Hercules Mataʻafa (born September 18, 1995) is an American former professional football player who was a defensive end in the National Football League (NFL). He played college football for the Washington State Cougars, earning consensus All-American honors in 2017. He signed as an undrafted free agent with the Minnesota Vikings in 2018.

==College career==
Mataʻafa attended and played college football at Washington State University. As a junior in 2017, Mataʻafa was a consensus All-American and was named the Polynesian College Football Player of the Year. He was also named the Pac-12 Defensive Player of the Year by the Associated Press. On December 31, 2017, Mataʻafa declared his intentions to enter the 2018 NFL draft.

==Professional career==

Pre-draft measurables
| Height | Weight | Arm length | Hand span | Wingspan | 40-yard dash | 10-yard split | 20-yard split | 20-yard shuttle | Three-cone drill | Vertical jump | Broad jump | Bench press |
| 6 ft 2+1⁄4 in (1.89 m) | 254 lb (115 kg) | 31+1⁄2 in (0.80 m) | 10+1⁄4 in (0.26 m) | 6 ft 4+1⁄8 in (1.93 m) | 4.76 s | 1.64 s | 2.76 s | 4.37 s | 7.24 s | 31.5 in (0.80 m) | 9 ft 0 in (2.74 m) | 26 reps |
All values from NFL Combine

===Minnesota Vikings===
Mataʻafa signed with the Minnesota Vikings as an undrafted free agent on April 30, 2018. However, on June 6, he suffered a season-ending injury to his ACL. He was waived/injured on June 20, 2018, and was placed on injured reserve after clearing waivers. He was signed back to the Vikings for the 2019 preseason. He managed to make the final roster coming out of training camp. On September 15, 2019, in his NFL debut, he recovered an Aaron Rodgers fumble in a loss to the Packers.

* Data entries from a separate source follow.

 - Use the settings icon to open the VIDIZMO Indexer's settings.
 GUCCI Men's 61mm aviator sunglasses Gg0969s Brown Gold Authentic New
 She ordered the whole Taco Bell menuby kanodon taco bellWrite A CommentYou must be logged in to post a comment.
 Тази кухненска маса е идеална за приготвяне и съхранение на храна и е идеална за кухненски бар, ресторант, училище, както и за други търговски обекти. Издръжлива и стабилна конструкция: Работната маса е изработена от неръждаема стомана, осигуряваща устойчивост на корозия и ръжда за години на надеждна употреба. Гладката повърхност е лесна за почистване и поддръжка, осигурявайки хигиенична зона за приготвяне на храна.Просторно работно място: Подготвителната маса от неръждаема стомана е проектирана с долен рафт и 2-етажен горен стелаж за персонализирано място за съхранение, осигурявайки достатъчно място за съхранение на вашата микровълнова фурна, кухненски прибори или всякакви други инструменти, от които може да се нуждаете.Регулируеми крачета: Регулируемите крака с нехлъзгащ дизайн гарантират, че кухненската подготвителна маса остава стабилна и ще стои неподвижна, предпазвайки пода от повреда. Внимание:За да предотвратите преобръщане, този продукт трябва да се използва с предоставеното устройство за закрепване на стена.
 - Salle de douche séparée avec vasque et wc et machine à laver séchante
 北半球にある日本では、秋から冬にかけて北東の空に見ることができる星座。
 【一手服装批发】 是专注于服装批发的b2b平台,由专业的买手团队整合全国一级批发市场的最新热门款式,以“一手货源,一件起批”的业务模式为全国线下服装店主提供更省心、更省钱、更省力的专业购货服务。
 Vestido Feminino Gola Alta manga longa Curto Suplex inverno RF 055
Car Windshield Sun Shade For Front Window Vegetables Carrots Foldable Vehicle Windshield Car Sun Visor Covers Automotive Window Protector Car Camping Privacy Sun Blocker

Mataʻafa was waived by the Vikings on October 13, 2020, and re-signed to the practice squad two days later. He was elevated to the active roster on October 31 for the team's Week 8 game against the Green Bay Packers, and reverted to the practice squad after the game. He was promoted to the active roster on November 6, 2020.

On August 31, 2021, Mataʻafa was waived by the Vikings.

===Washington Football Team===
The Washington Football Team signed Mataʻafa to their practice squad on December 14, 2021. He was released on December 22.

===Jacksonville Jaguars===
On December 28, 2021, Mataʻafa was signed to the Jacksonville Jaguars practice squad, but was released six days later.

===New Jersey Generals===
Mataʻafa signed with the New Jersey Generals of the United States Football League on May 19, 2022. He re-signed with the Generals on October 11, 2023. The Generals folded when the XFL and USFL merged to create the United Football League (UFL).

=== Birmingham Stallions ===
On January 5, 2024, Mataʻafa was selected by the Birmingham Stallions during the 2024 UFL dispersal draft. He signed with the team on February 28. Mataʻafa was released on March 10.